With the pictures left out, print exactly the lines below that run from the one containing "Bootstrap 的模态框类提供了一些事件用于监听并执行你自己的代码。" through the one containing "Dans le sous".

_Task input:_
────────

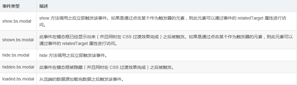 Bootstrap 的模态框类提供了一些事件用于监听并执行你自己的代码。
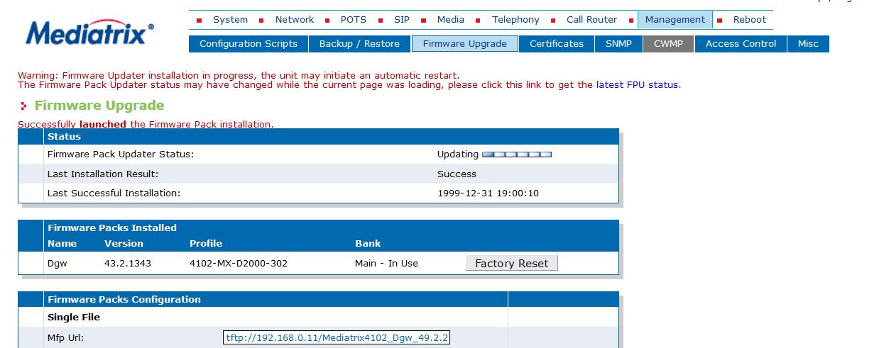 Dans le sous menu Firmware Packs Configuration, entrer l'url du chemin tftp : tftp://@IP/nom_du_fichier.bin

────────

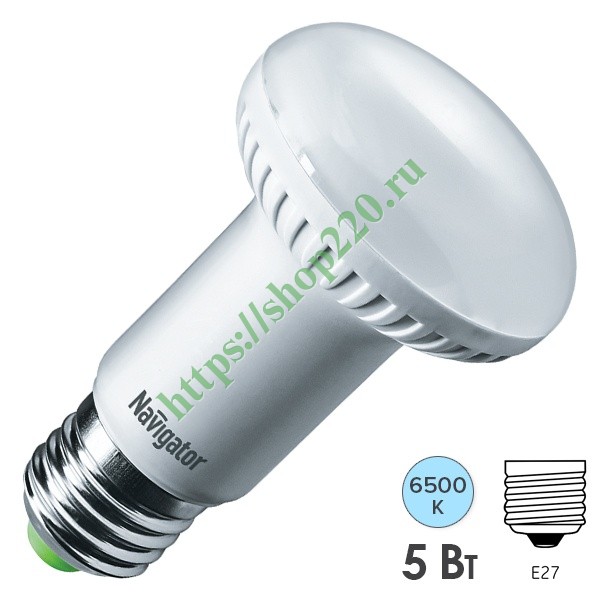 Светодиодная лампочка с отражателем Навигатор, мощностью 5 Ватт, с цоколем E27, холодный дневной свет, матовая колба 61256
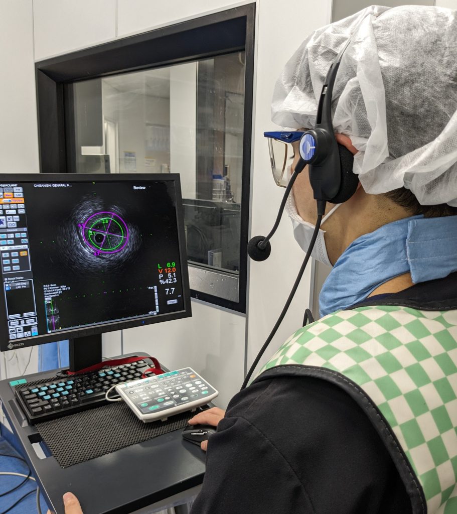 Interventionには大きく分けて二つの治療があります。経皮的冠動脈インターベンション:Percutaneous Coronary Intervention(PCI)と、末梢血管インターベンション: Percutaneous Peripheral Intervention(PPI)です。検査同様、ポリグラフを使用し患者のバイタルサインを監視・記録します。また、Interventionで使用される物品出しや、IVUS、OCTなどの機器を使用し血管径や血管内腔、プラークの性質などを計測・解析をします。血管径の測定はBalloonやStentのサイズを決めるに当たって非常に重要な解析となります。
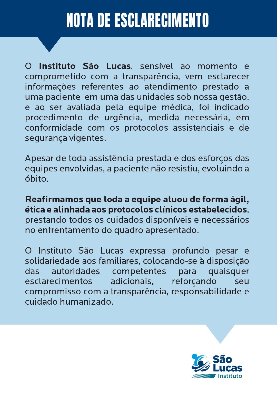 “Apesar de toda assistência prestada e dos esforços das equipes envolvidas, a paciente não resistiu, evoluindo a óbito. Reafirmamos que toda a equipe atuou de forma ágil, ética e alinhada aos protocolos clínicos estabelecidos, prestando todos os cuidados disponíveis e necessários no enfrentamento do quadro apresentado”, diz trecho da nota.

────────

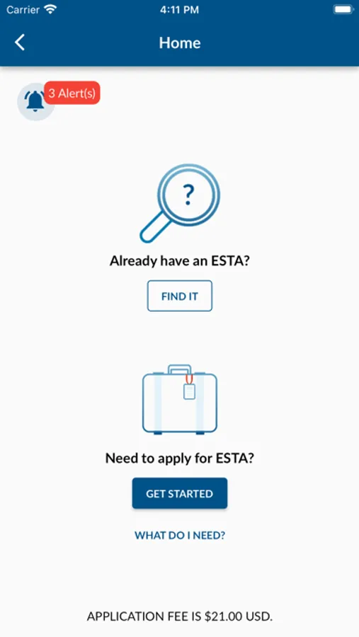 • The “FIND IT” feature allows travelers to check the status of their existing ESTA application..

────────

_Output below:_
 Bootstrap 的模态框类提供了一些事件用于监听并执行你自己的代码。
 Dans le sous menu Firmware Packs Configuration, entrer l'url du chemin tftp : tftp://@IP/nom_du_fichier.bin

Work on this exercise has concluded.